→ Available data
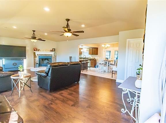 CURB APPEAL! Gorgeous home w/updates! Spacious OPEN FLOORPLAN built for entertaining; connecting living area to eat-in kitchen. NEW ENGINEERED WOOD PLANK FLOORING! NEW CARPET ALL BEDROOMS! FRESH PAINT! GRANITE COUNTER TOPS, pantry, plenty STORAGE, gas stove. Wood burning fireplace. Spacious bedrooms. Owner's suite has walk-in closet, garden tub w/separate shower. Beautiful clawfoot tub in 2nd bath. Large screened patio for parties. Fenced in yard w/greenspace behind. Relax on the front porch. X FLOOD ZONE!
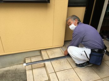 室内手すりに続き玄関ドアの外のポーチ階段部分にも手すりを設置するため土間タイルに穴を空けました。
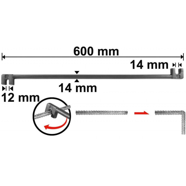 Струбцина для гибки арматуры 600 мм INGCO HBB12141 применяется для холодной гибки стальной арматуры круглого, крадратного и плоского профиля. Материал струбцины углеродистая сталь #45. Длина и толщина инструмента 600х14 мм. Диаметр 12 и 14 мм.
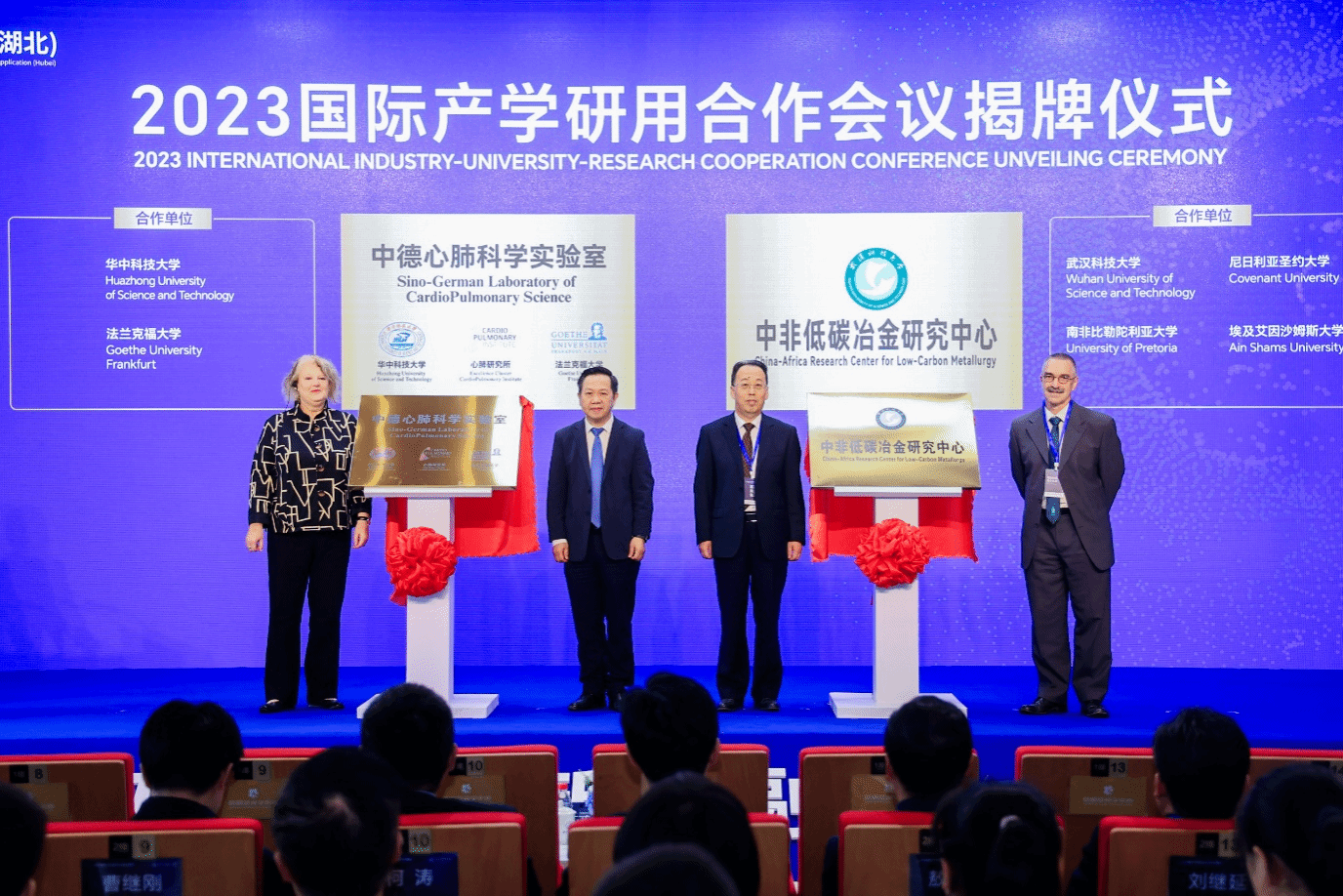 11月4日,2023国际产学研用合作会议(湖北)在武汉开幕。湖北省委常委、常务副省长邵新宇,湖北省教育厅厅长周静出席会议。会上,js33333线路登录副校长马腾与南非比勒陀利亚大学Robert Cromarty教授共同为“中非低碳冶金研究中心”揭牌。

→ What you need to do
Please copy out each line above exactly as written, but not the pictures.

→ Your response
 CURB APPEAL! Gorgeous home w/updates! Spacious OPEN FLOORPLAN built for entertaining; connecting living area to eat-in kitchen. NEW ENGINEERED WOOD PLANK FLOORING! NEW CARPET ALL BEDROOMS! FRESH PAINT! GRANITE COUNTER TOPS, pantry, plenty STORAGE, gas stove. Wood burning fireplace. Spacious bedrooms. Owner's suite has walk-in closet, garden tub w/separate shower. Beautiful clawfoot tub in 2nd bath. Large screened patio for parties. Fenced in yard w/greenspace behind. Relax on the front porch. X FLOOD ZONE!
 室内手すりに続き玄関ドアの外のポーチ階段部分にも手すりを設置するため土間タイルに穴を空けました。
 Струбцина для гибки арматуры 600 мм INGCO HBB12141 применяется для холодной гибки стальной арматуры круглого, крадратного и плоского профиля. Материал струбцины углеродистая сталь #45. Длина и толщина инструмента 600х14 мм. Диаметр 12 и 14 мм.
 11月4日,2023国际产学研用合作会议(湖北)在武汉开幕。湖北省委常委、常务副省长邵新宇,湖北省教育厅厅长周静出席会议。会上,js33333线路登录副校长马腾与南非比勒陀利亚大学Robert Cromarty教授共同为“中非低碳冶金研究中心”揭牌。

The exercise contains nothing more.